Pictured below is another wedding from last November. The bride grew up the Children's Home and wanted to have her wedding there. Everyone pitched in to decorate, prepare the food, and get everything ready. One of the younger girls with a talent for hairstyling did the bride's hair. Several of the children participated in the wedding as flower girls or ring bearers. Two of the older kids performed a song. And the director of the Home had the honor of marrying them.
Over the 20+ years that the Children's Home has been in existence, many kids have come through. We've been here less than 4 years and have already seen 6 kids grow up and move on to new things. The total number of kids that are now "egresados" (the name for the kids who have left the home) is large. We have gotten to know several of the egresados from before our time, but not all of them keep in touch. It is difficult to keep up with all of them, but we try to let them know that they are always welcome.
One huge help in this area is Nancy. Nancy has been a missionary here in Peru for years, though not with Kids Alive. She runs a Christian school in Lima. But she spends a lot of time at our Home, getting to know the kids and getting involved in their lives. She has committed herself to being "mom" to all egresados, and any child that leaves our Home knows that she is for them and will be there to help them in any way. She keeps up with the kids, calls them, and organizes get togethers for them. She is amazing.
|Nancy, being walked down the aisle as mother of the bride.|
The responsibility for staying in contact with egresados is not hers alone, of course. The houseparents, other staff, and missionaries like to remain a part of the egresados' life as well, but it is incredibly helpful to have someone who sees that as their main focus and ministry. We are thankful for Nancy.
Egresados sometimes stop in to visit and spend time in the houses, or come for Wednesday night devotions. Sometimes they come to help out in the houses during the summer, or do yard work or other small jobs for money while they are in university. They come for birthday parties and New Years Eve fireworks, as well as wedding showers and baby showers.

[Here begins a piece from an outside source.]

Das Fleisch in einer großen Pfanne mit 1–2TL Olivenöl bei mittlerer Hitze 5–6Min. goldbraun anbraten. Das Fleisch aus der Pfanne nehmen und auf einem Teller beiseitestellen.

Recently one of our egresados had his first baby boy. We had a baby shower for he and his wife at the Home the month before their little son was born.

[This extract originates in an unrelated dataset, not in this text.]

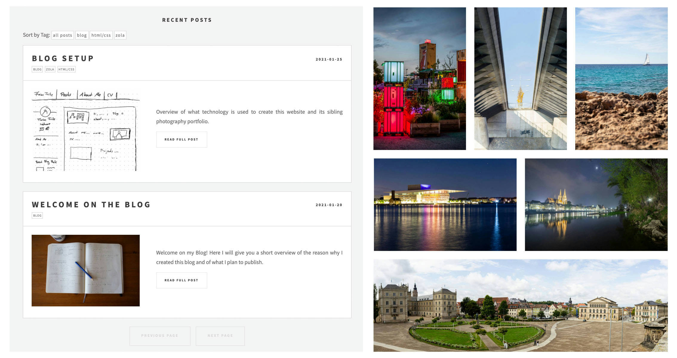 To highlight some of the divergences between the two sub-pages (photo and blog), you can see the tag system on the left side of the image below. For the software blog, I decided that it is important to filter by topic, as someone might for example be interested on all posts regarding C++. Thus, the blog post overview page and each individual post shows tags that you can click to filter for only matching posts.

All of the kids were at the shower, and it was so sweet to see the younger ones at their feet, watching as they opened up their presents and displayed each baby item. It's really good for the kids to be part of a larger family in this way, and be a part of these special life events.

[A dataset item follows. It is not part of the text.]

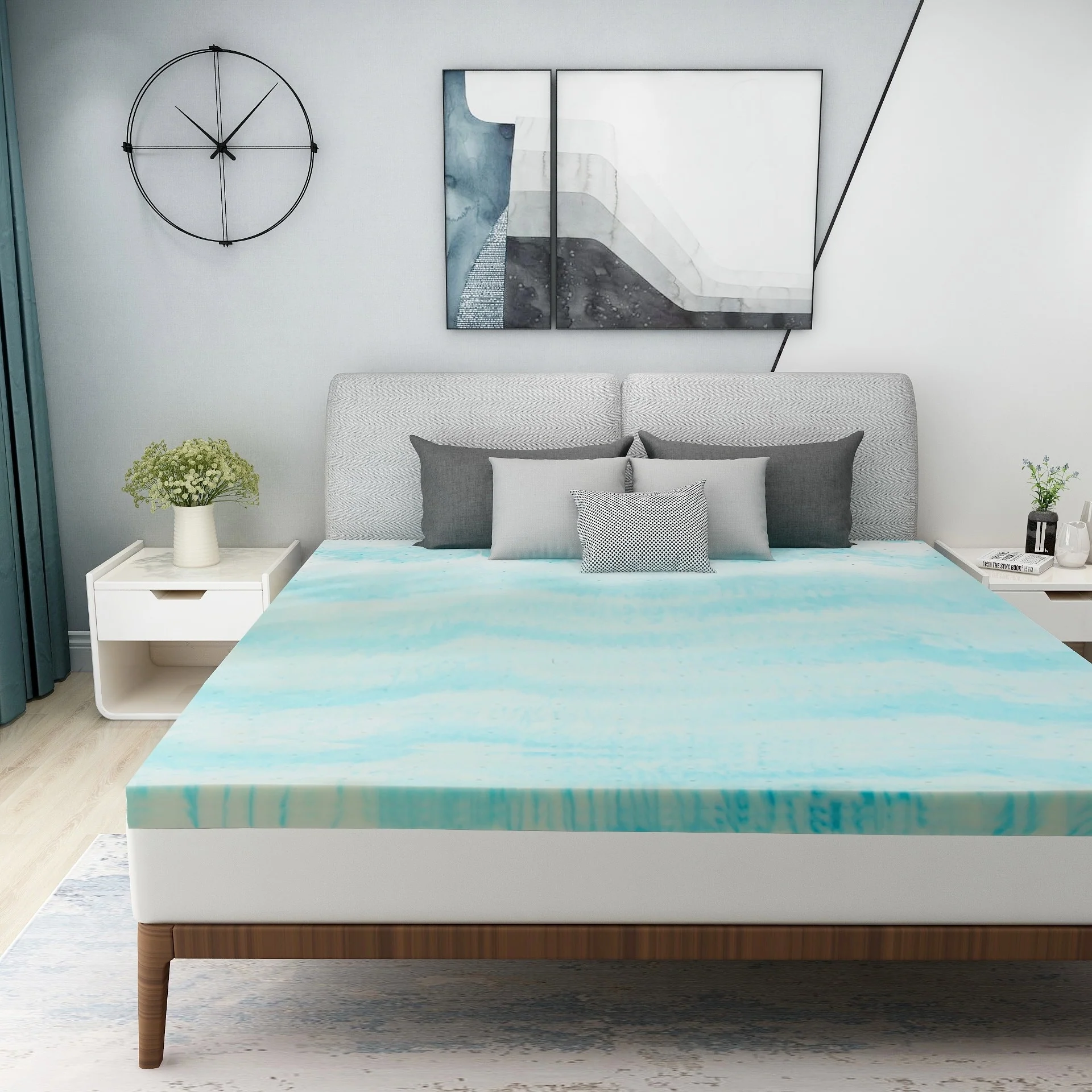 2 Inch Gel Infused Memory Foam Mattress Topper – Corrugated blue

Hopefully I haven't made this all sound too much like sunshine and roses, because it is definitely not. We make mistakes and let our older kids down. There are some kids we hear very little from. Sometimes life gets messy, and we have to pray for a lot of wisdom in how/when/and if to help.The transition to adulthood from life in a Children's Home is a hard one, and we have really been working on improving the way that we prepare them for "real life", but it's still hard and always will be.
But we hope that they know that they are loved and that we will always be their family. And we hope that we get to celebrate with them in all the big and little events of their lives, like this weekend's wedding!